Shawn showed me some extremely useful New Orleans big picture Before and After shots. Unfortunately, the DigitalGlobe usage agreement specifically prohibits publication of altered images without their consent. So I can't show you, but if you can run Google Earth, the overlays these people have come up with should allow you to look up specific places fairly easily. Shawn writes:
DigitalGlobe put out new Sat images a couple hours ago, now a lot people people biting their fingers can look up where they want in GE and see the flooding over a lot of NOLA.
And here's the Overlay as made by GE User Equitus from this forum post: http://bbs.keyhole.com/ubb/showthreaded.php/Cat/0/Number/92563/page/0/vc/1
Overlay http://bbs.keyhole.com/ubb/download.php?Number=92563
For a sense of the resolution, note that the big 17th Street levee break is clearly visible toward the bottom right of the sample DigitalGlobe image to the left.
NOTE TO THE FOLKS AT GOOGLE EARTH: Finish your Macintosh version! People need it.
MEANWHILE, the September 1st New York Times editorial begins
George W. Bush gave one of the worst speeches of his life yesterday, especially given the level of national distress and the need for words of consolation and wisdom. In what seems to be a ritual in this administration, the president appeared a day later than he was needed. He then read an address of a quality more appropriate for an Arbor Day celebration: a long laundry list of pounds of ice, generators and blankets delivered to the stricken Gulf Coast. He advised the public that anybody who wanted to help should send cash, grinned, and promised that everything would work out in the end.
I confess I have been paying almost no attention to Bush's behavior at all. In his "management style," his minions will tell him when he's needed and he doesn't rise to occasions until they do. So I expected very little.
But what has happened to New Orleans seems to me to be rather like a stroke. There is a saying about strokes, TIME IS BRAIN: The longer treatment takes, the more brain damage occurs. Never mind that a "mandatory" evacuation should have provided a plan for the poor to get out, the New Orleans second-round evacuation currently in progress needed to start a lot earlier. The longer it takes, the less infrastrcture there is to do it with. The longer it takes, the more people roast, unrescued, trapped in their attics, or float away when the water gets above the roof, or try to make a break for it and drown.

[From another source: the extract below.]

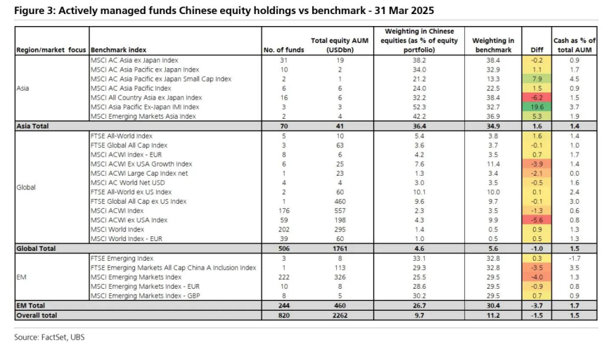 國際投資者在 2025 年第一季度將其對中國股票的低配頭寸從 - 1.9% 降至 - 1.5%,這可能是受到 DeepSeek 發佈的提振。

BUSH UPDATE: Have received scathing reviews for his speech yesterday, Bush tries to do better on Good Morning America this morning, claiming, I don't think anyone anticipated the breach of the levees. See Echidne for further details. I don't have the stomach for it this morning. (Via atrios.)
Navigation aids
For those new to blogs, here are shortcuts to information about our collaborative maps project:
First of all, my Katrina archive contains all blog posts related to Katrina. The archive page is updated each time I make a new Katrina post, so it would be the best place to bookmark. On the other hand, it contains many images, so on a dial-up connection it would be slow to load. Also, separately, I have an online album of Katrina map images, Katrina Floods New Orleans, 2005.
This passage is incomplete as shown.